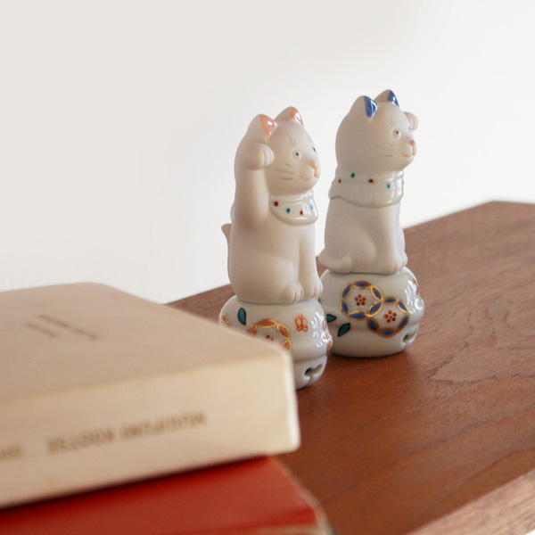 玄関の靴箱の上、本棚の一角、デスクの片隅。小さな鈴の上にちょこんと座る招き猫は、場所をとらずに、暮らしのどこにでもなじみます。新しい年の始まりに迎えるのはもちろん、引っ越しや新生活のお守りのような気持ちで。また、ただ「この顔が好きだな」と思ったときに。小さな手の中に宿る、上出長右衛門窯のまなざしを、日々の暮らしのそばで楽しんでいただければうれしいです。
---
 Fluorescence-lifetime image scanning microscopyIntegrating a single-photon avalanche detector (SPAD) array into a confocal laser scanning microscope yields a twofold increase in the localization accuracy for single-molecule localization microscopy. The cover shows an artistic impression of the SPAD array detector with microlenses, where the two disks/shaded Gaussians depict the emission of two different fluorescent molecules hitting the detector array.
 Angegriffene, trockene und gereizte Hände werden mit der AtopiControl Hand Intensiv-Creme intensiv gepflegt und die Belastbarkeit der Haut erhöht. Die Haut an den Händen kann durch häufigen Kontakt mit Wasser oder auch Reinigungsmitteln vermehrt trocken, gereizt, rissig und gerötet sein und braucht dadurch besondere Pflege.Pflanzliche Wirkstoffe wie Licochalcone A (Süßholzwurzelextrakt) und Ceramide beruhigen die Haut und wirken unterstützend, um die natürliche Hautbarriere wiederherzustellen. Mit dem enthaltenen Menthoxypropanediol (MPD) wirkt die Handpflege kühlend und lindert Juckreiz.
--
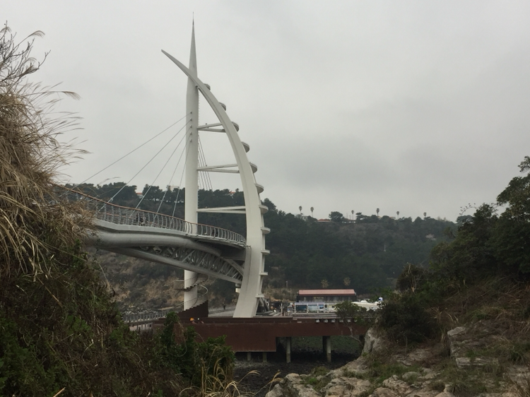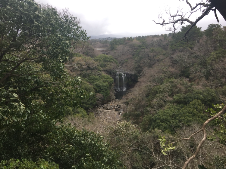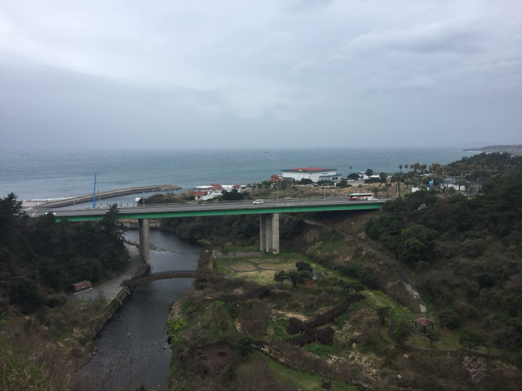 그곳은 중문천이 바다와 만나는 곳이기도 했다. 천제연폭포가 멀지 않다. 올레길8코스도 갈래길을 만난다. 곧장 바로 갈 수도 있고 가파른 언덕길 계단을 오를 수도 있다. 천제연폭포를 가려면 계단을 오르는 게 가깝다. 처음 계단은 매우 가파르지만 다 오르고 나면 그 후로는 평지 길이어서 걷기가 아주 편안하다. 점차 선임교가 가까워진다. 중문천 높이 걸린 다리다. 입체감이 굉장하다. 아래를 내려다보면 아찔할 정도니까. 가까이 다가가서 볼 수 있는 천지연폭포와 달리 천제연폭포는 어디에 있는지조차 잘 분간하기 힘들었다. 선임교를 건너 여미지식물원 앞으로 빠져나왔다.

ACTION ITEM —
Starting at the line above that contains "Fluorescence-lifetime image scanning", repeat each line exactly up to and including the line that contains "Angegriffene, trockene und", and stop there.

OUTPUT FOR THIS TASK —
 Fluorescence-lifetime image scanning microscopyIntegrating a single-photon avalanche detector (SPAD) array into a confocal laser scanning microscope yields a twofold increase in the localization accuracy for single-molecule localization microscopy. The cover shows an artistic impression of the SPAD array detector with microlenses, where the two disks/shaded Gaussians depict the emission of two different fluorescent molecules hitting the detector array.
 Angegriffene, trockene und gereizte Hände werden mit der AtopiControl Hand Intensiv-Creme intensiv gepflegt und die Belastbarkeit der Haut erhöht. Die Haut an den Händen kann durch häufigen Kontakt mit Wasser oder auch Reinigungsmitteln vermehrt trocken, gereizt, rissig und gerötet sein und braucht dadurch besondere Pflege.Pflanzliche Wirkstoffe wie Licochalcone A (Süßholzwurzelextrakt) und Ceramide beruhigen die Haut und wirken unterstützend, um die natürliche Hautbarriere wiederherzustellen. Mit dem enthaltenen Menthoxypropanediol (MPD) wirkt die Handpflege kühlend und lindert Juckreiz.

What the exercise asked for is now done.